It may not seem like a big deal to wash your pet’s food and water bowls daily. After all, they usually lick their bowls clean right? But what can be lurking in your pet’s food and water bowls? Bacteria, often unseen, can be growing without you knowing it. This may be a health risk to your pet but also to any humans that the bacteria can be transferred to.
What Is in Your Pet’s Bowl?
Your pet’s bowls are perfect breeding grounds for many kinds of bacteria. Pet food, whether it be in dry kibble form, raw or wet form, is full of carbohydrates, proteins and sugars. These make bacteria multiply quickly. Bacteria also grows well in water.
Science Lecturer Aisling and Bioveterinary Science Graduate Coralie Wright investigated the buildup of bacteria on dogs’ water bowls. They found the highest amount of bacteria in plastic bowls over time. But they found the most harmful bacterial species, including E.coli and MRSA, most frequently in ceramic bowls. They reported, “It is clear from our study that dog water bowls pose a disease risk to both human and animal health.”
Types of Bacteria Found
Have you ever noticed your pet bowls having a pink color on them? This is called Serratia marcescens. This bacteria can also be found in other areas around the house. This bacteria can cause illness in pets with compromised immune systems. Pets may develop lethargy, septicemia, gastrointestinal upset, urinary tract infections and pneumonia can be caused by the bacteria.

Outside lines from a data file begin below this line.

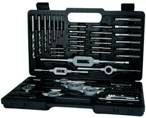45-tlg. Gewindeschneidwerkzeug-Satz in Kassette, Alle Bohr- und Gewindewerkzeuge komplett aus hochlegiertem Werkzeugstahl HSS gefertigt. Komplettsatz für metrisches Gewinde M 3 - M 12 nach DIN ISO 13 je ein 3-tlg. Satz Handgewindebohrer DIN 352 HSS geschliffen, M 3 - M 4 - M 5 - M 6 - M 8 - M 10 - M 12, + je 1 Schneideisen DIN EN 22568 HSS geschliffen, M 3 - M 4 - M 5 - M 6 - M 8 - M 10 - M 12, + je 1 Schneideisenhalter DIN 225, 20 x 5 / 20 x 7 / 25 x 9 / 30 x 11 / 38 x 14 mm, + 7 Spiralbohrer DIN 338 Typ N HSS-G, Ø 2,5 - 3,3 - 4,2 - 5,0 - 6,8 - 8,5 - 10,2 mm, + je 1 Windeisen Gr. 1 DIN 1914, + je 1 Windeisen Gr. 2 DIN 1914, + 1 Stahlwerkzeughalter Gr. 1, + 1 Schraubendreher, + 1 Gewindeschablone,
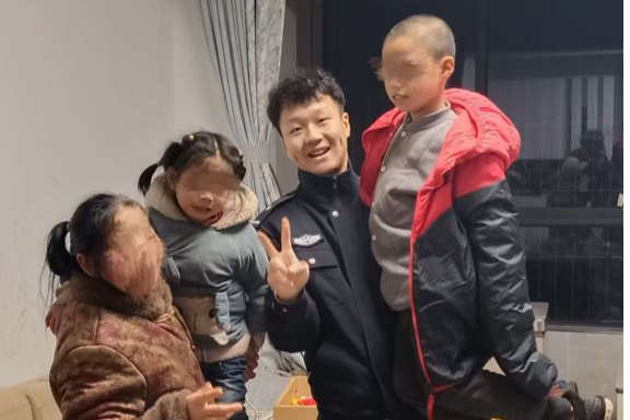 施力看望家庭困难的男孩(江津区公安局供图)
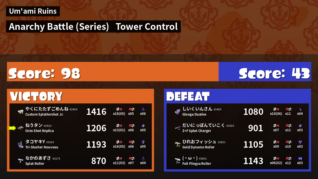 Results of ねうタン's Battle

Salmonella, Campylobacter jejuni, Escherichia coli, and Staphylococcus aureusare
These bacteria are also common to pet bowls. They are also common kitchen bacteria. Some illnesses caused by these bacteria are: blood infections, meningitis, vomiting, diarrhea, pneumonia, infections in the heart, and other health issues.
Is My Pet at Risk?
Dogs and cats are carnivores, and evolved eating raw meat. Their systems can handle a certain amount of bacteria. A healthy dog or cat will not likely get sick from e.coli or salmonella poisoning. This is because their digestive tracts are different from a human’s. They have strong hydrochloric acid in their stomach to digest meat and even bones. The acid is about 10 times stronger in concentration than what we have in our stomachs. The acid should kill most bacteria. This does not mean that a dog or cat won’t contract e.coli or salmonella poisoning.
Fortunately, all these bacteria generally only affect people and pets that are already immunocompromised. Healthy people are less likely to be sick from these bacteria. However, children and older people (or those who are already ill) are very much at risk.
Prevent the Bacteria from Growing
- Wash your pet bowls daily. Realize that if the surface of a bowl feels slick or slimy that bacteria is growing. A good rule is simply empty, wash and refill the water bowl daily. And clean the food bowl after each meal.If you see any pink coloring on a pet bowl, realize it is likely Serratia marcescens. Disinfect the bowls where it has formed with a strong chlorine bleach solution for 10-20 minutes before thoroughly rinsing it away with clean water. Avoid scratching the surface of the bowl as bacteria can linger in the scratched surface.
- As per the research mentioned above, bacteria were most found on plastic and ceramic bowls. They found the least bacteria on stainless steel bowls. We highly recommended to switch to stainless steel if you have not already done so.
The above recommendations go for other pets as well. For example rabbits, Guinee pigs, mice, hamsters, etc.